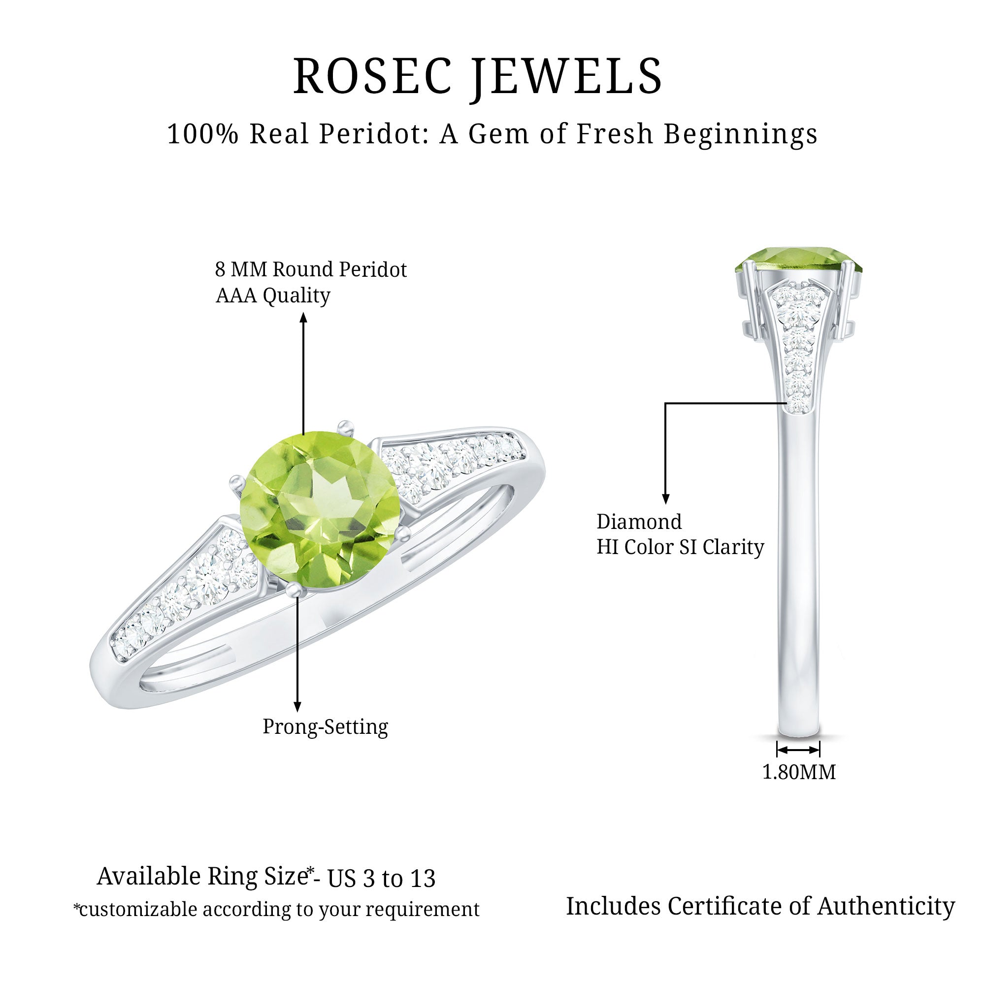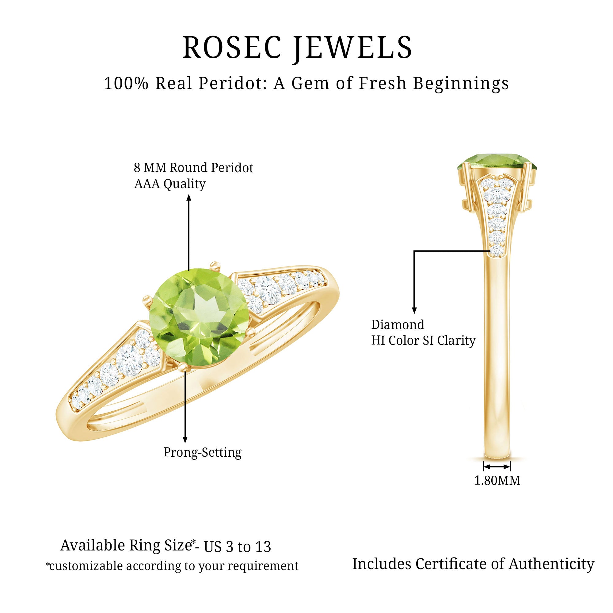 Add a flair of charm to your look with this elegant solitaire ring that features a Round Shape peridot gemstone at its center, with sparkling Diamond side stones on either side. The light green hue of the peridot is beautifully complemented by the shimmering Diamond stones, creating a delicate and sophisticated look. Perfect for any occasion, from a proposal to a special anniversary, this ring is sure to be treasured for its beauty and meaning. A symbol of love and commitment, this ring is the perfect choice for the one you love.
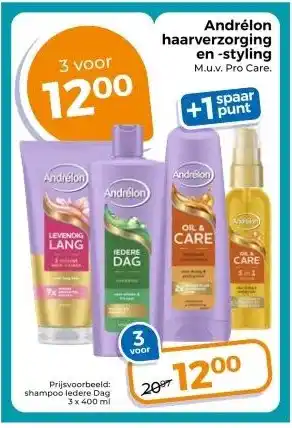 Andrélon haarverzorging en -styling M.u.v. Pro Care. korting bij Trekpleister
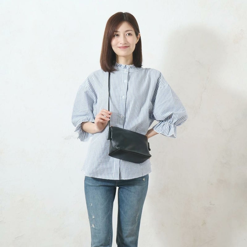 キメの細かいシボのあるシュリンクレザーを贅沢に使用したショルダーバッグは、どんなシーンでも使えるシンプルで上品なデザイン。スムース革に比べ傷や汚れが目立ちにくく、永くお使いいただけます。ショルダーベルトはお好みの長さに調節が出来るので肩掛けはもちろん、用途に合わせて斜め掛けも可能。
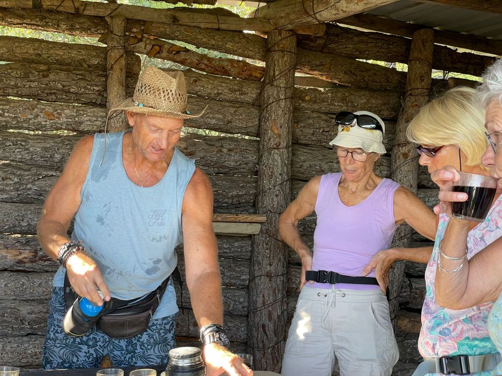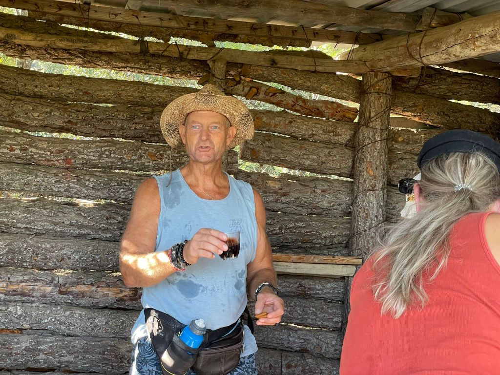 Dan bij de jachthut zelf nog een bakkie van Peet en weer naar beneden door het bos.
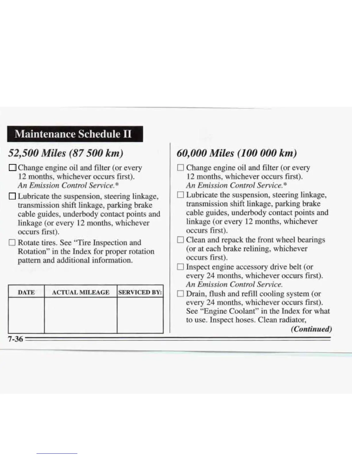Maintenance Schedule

--

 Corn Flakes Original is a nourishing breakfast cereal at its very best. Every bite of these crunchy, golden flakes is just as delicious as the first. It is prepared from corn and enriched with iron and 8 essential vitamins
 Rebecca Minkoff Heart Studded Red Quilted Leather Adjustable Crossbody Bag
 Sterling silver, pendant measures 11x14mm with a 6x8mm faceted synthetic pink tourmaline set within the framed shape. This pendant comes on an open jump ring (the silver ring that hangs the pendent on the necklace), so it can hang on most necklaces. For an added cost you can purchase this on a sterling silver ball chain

---

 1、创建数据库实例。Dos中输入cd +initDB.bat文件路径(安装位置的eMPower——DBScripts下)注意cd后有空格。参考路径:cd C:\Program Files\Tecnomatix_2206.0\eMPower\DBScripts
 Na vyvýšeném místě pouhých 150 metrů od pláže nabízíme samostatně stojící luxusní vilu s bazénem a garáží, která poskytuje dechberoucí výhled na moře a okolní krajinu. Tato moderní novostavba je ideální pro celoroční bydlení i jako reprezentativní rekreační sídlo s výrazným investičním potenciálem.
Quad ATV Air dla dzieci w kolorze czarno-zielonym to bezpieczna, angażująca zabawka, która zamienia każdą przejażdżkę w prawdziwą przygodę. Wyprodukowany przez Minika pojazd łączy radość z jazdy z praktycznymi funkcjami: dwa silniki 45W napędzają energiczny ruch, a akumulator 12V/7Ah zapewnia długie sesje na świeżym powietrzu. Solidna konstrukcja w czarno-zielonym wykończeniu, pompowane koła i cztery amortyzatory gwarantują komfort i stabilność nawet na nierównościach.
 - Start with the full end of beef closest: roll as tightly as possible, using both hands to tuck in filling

* [INSTRUCTIONS FOR THE TASK]: Above are records with pictures. Reproduce exactly only the lines from the line with "キメの細かいシボのあるシュリ" through the line with "Maintenance Schedule", both ends included, and leave the pictures out.

* [RESULT FOR THIS TASK]:
 キメの細かいシボのあるシュリンクレザーを贅沢に使用したショルダーバッグは、どんなシーンでも使えるシンプルで上品なデザイン。スムース革に比べ傷や汚れが目立ちにくく、永くお使いいただけます。ショルダーベルトはお好みの長さに調節が出来るので肩掛けはもちろん、用途に合わせて斜め掛けも可能。
 Dan bij de jachthut zelf nog een bakkie van Peet en weer naar beneden door het bos.
Maintenance Schedule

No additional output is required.